From what I can understand, this approach to evangelism has seen more fruit when done with strangers than with family members and work colleagues. Indeed, the less relationship present the more effective the approach seems to be. No practical help is offered, no needs are being met, except that of their eternal destiny. This is as far from the process approach as is possible – we could call it a crisis approach to evangelism.
How are we supposed to understand this disintegration in mission between the crisis and the process while praising the integration of evangelism back into our mainline ministries? What is our stand on the dichotomy between the faithful presence in the community verses the immediate conversion of strangers? Surely our gospel needs to account for both.
Jesus talked about an invisible slow and steady growth of the Kingdom, like a mustard seed or yeast working through dough. Yet he also demonstrated transformative encounters with strangers and outcasts. We need the reintegration of crisis and process, but also to recognise that we cannot allow the crisis approach to evangelism to act as a short-circuit to the long-term relational investment that authenticates our gospel witness. We cannot allow for the process and crisis to fall apart.
Programmes and Commitment
Volunteering once a fortnight on a rota to help the poor is praiseworthy. It is more than many people do. It may be enough to open our eyes to the great needs of our communities, and inspire us to act and advocate on behalf of the vulnerable. However, a rota slot should not be confused with a life of service. We need to give people onramps to engage with poverty and injustice but we need to be careful not to confuse the onramps for the thing itself. It's like confusing the wedding for a marriage: it's an important rite of passage, but it's not the whole journey. What we do in church services or on Friday nights is important but should not be confused with true worship of God. Short-term mission should not be confused with the mission of the Church.

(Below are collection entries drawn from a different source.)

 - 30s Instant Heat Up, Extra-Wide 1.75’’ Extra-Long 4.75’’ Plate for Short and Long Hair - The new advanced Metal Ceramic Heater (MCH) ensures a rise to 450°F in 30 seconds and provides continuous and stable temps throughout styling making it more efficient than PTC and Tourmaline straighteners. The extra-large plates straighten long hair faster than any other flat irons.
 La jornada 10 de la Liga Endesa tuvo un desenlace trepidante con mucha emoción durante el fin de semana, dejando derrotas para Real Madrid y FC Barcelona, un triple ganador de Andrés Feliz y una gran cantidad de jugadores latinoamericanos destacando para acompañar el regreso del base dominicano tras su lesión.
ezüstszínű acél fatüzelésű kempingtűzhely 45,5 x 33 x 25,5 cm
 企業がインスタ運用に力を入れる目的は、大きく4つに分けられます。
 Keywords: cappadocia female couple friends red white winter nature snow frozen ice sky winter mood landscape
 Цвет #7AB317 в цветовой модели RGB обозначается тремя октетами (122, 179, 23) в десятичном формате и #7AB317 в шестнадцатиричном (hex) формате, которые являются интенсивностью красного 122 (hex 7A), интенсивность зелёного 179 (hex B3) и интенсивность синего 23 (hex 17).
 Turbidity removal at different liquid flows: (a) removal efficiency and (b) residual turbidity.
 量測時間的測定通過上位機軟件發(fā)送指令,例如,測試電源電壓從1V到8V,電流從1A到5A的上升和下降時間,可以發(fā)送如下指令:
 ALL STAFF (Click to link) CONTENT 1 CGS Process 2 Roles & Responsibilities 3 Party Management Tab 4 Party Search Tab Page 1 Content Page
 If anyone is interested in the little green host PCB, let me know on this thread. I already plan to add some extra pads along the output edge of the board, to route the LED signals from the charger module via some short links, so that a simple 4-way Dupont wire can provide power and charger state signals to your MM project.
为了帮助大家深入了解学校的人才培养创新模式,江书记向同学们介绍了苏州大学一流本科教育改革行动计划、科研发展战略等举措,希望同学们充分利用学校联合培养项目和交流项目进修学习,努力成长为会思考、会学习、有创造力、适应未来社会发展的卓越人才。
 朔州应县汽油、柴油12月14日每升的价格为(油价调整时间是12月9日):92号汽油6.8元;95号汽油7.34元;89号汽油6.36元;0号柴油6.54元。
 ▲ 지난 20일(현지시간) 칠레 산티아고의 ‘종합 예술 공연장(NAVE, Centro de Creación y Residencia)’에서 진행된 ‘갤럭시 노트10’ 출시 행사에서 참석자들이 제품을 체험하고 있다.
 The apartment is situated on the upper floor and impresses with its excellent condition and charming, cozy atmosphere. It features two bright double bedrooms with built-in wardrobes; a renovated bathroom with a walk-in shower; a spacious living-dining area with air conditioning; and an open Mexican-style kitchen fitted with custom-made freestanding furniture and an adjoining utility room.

As a cross-cultural missionary, I was often shocked by the sanctuaries we made of our own homes. While we worked with families who were crowded into small, basic apartments, we would go home to what would seem to be our relocated American or British residences with all their mod cons. Outside the home we would be missionaries, not afraid to get our hands dirty. But then we would come home to recharge and would lock the doors behind us. I was also shocked when we occasionally saw the opposite approach: a missionary who was prepared to live like and with the people they were reaching. This integrated approach inevitably reaped much more fruit.
Mission is ontology. It's a way of being in the world – not a temporary activity we engage in. It's more than a programme, more than a hobby, more than something we do with a segment of our lives. It's a permanent posture towards our world and our God. Jesus is the Son sent into the world to serve the Father all the time. Like a stick of rock, Christ is mission all the way through – wherever you cut him he bleeds the compassion and grace of God. So must we, as living sacrifices. We need to live out our commitment to the people we are reaching out to, above our commitment to the projects themselves.
We still celebrate the instant over the long-term, the miraculous over the mundane, the crisis over the process, the body over the soul, at our peril. We need a gospel that is big enough to cope with the complexity of life in order to live lives of faithfulness to our God.